Я выбралась из машины, и томный плеск волны стал громче, в воздухе пахло морем.

Мы поднялись по белым ступеням и вошли в зал, полный воздуха, тепла и простора, но еще слабо освещенный невзошедшим солнцем.

– Спит еще, наверное, - сказал Вадим.

– Кто здесь? - раздался голос сверху, легким эхом отразившись от почти зеркальных стен. Было, очевидно, душновато, потому что хотелось пройтись по этим стенам босиком, в длинной и красивой развевающейся одежде - хотя по стенам ходят только мухи, которые с нашей точки зрения выглядят совсем иначе.

Через полчаса мы втроем сидели за круглым столиком и пили растворимый кофе (то есть, кофе пили только они, а я пила чай), потом взошло солнце, и я пошла на второй этаж спать.

Отключаться я начала почти сразу, да только как-то не до конца, и сквозь полусон мне почудилось, будто до меня долетают снизу обрывки беседы. Разговор шел обо мне.

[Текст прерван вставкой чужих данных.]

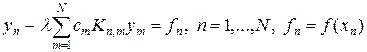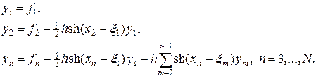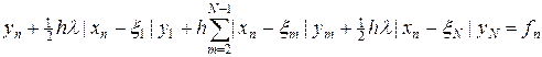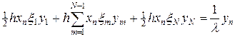 Введем сетки по переменным x и x Î [0,1]: xn = h (n - 1), n = 1,…, N, xm = hm, m = 1,…, N, h = 1/(N - 1). Аппроксимируем интеграл в (7) по формуле трапеции и запишем уравнение (7) в узлах сетки, тогда, считая, что yn» u (xn), получим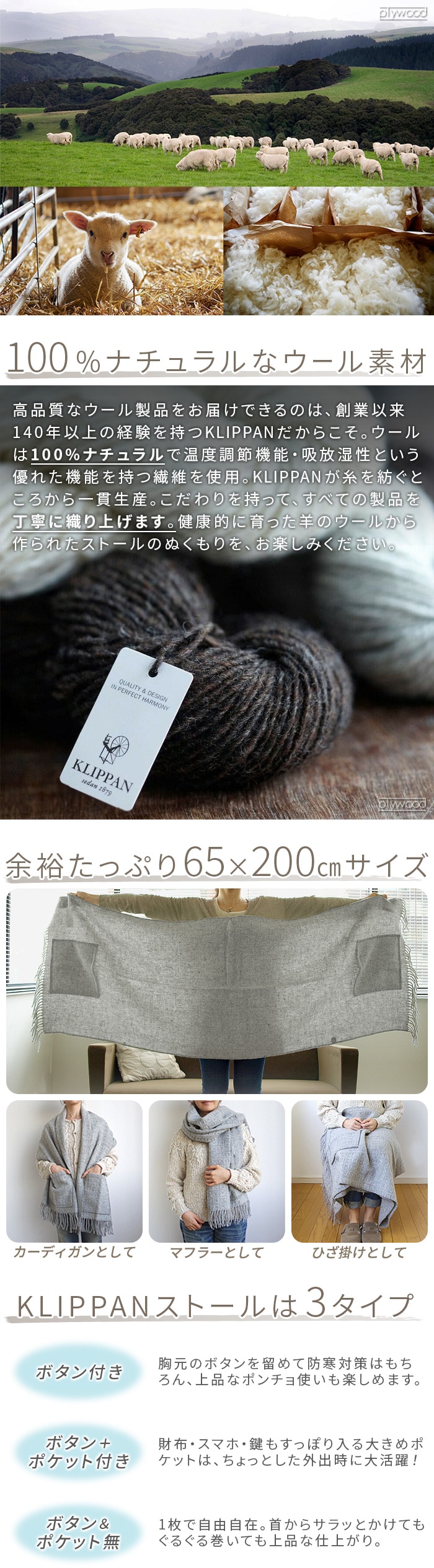 ![]() マルチに使える大判ストール およそ140年に渡り、生産者や動物たち、そして地球環境や私たちの健康を守る「サステナブル」なものづくりを続けるKLIPPAN。 一貫して「天然繊維」「アニマルウェルフェア」「オーガニック」にこだわり、エネルギー消費を抑えながらひとつひとつ丁寧に織り上げられた、使い心地の良いストールです。 大切な方へのギフトにも◎。 ![]() ![]() ![]() ![]() ![]() ![]() ![]() ![]() ![]() ![]() ![]() ![]() ![]() ![]()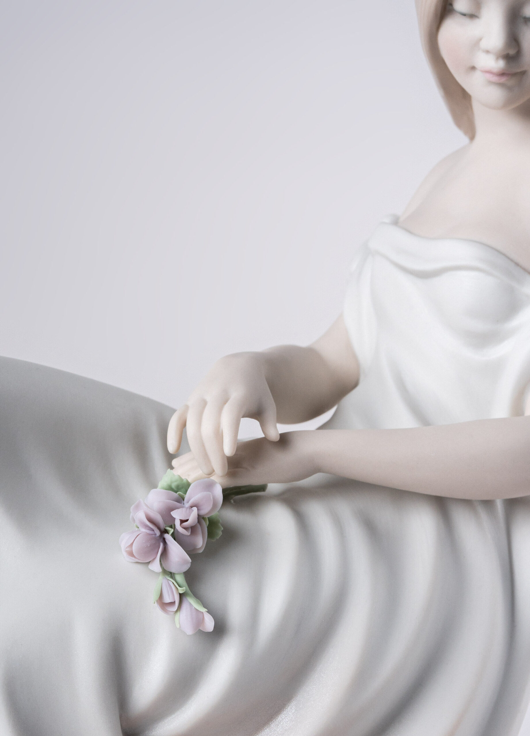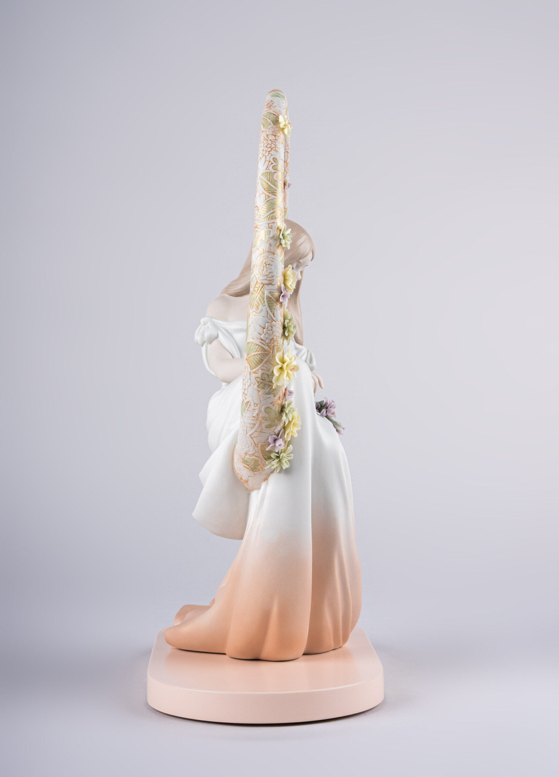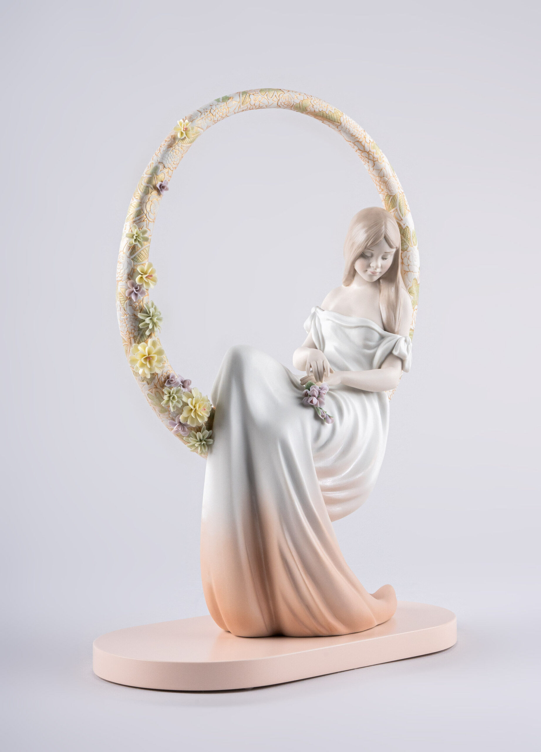 This woman, lying in a flower-laden arch, speaks to us of those wonderful moments when you truly disconnect and let your mind wander. Made in matte porcelain and decorated with soft colors, metalized effects and flowers, it conjures up a scene that makes us feel a connection with nature and at once conveys a sense of peace and harmony.

– Ты кого ко мне привез? - спросил после довольно длинной паузы хозяин дома.

– Это… - начал Вадим.

– Нет, я спрашиваю, ты кого ко мне привез? - перебил его владелец виллы уже более экспрессивно. - Я в первый раз вижу эту женщину, но мне и то уже все ясно. С такой лучше даже на улице не сталкиваться никогда, а не то что…

– Почему? - явно опешил Вадим.

– Неужели ты не видишь? Ей стоит только пожелать, стоит только произнести вслух от всего сердца, или даже просто мысленно, от всей души, и здесь камня на камне не останется или, наоборот, все расцветет среди зимы - это какой на нее найдет стих.

– Почему? - как-то очень долго помолчав, опять спросил Вадим. Можно не сомневаться, что в эту минуту он мысленно сосчитал пустые бутылки, стоявшие на подоконнике в минуту нашего прихода.

– …Но она, к счастью, никогда не может пожелать кому-то плохое от всего сердца - возможно, в это все и дело, - продолжал собеседник Вадима. - Что? Как это почему? - дошел до него, наконец, вопрос Вадима. - Что ты чувствуешь, когда на нее смотришь?

– Жалко очень, - неожиданно сказал мой приятель. - А почему - сам не знаю. Помочь хочется. Защитить. Сочувствуешь. Тяжело ей, наверное, на свете живется.

– Ей живется легко, - объяснил хозяин. - Представь, если даже тебе, уж извини меня, такой дряни - прости еще раз, но я тебя не первый год знаю - хочется, как ты выражаешься, ей помочь, защитить, что же должен чувствовать… ОН…

Я кажется, совсем засыпала, или уже совсем спала, потому что это слово - "ОН" - отразилось вдруг от всех стеклянных стен тысячекратным хрустальным звоном и ушло в голубое небо, и рассеялось в нем, как фимиам, но не исчезло, а разлилось, раскрылось цветами в райских садах…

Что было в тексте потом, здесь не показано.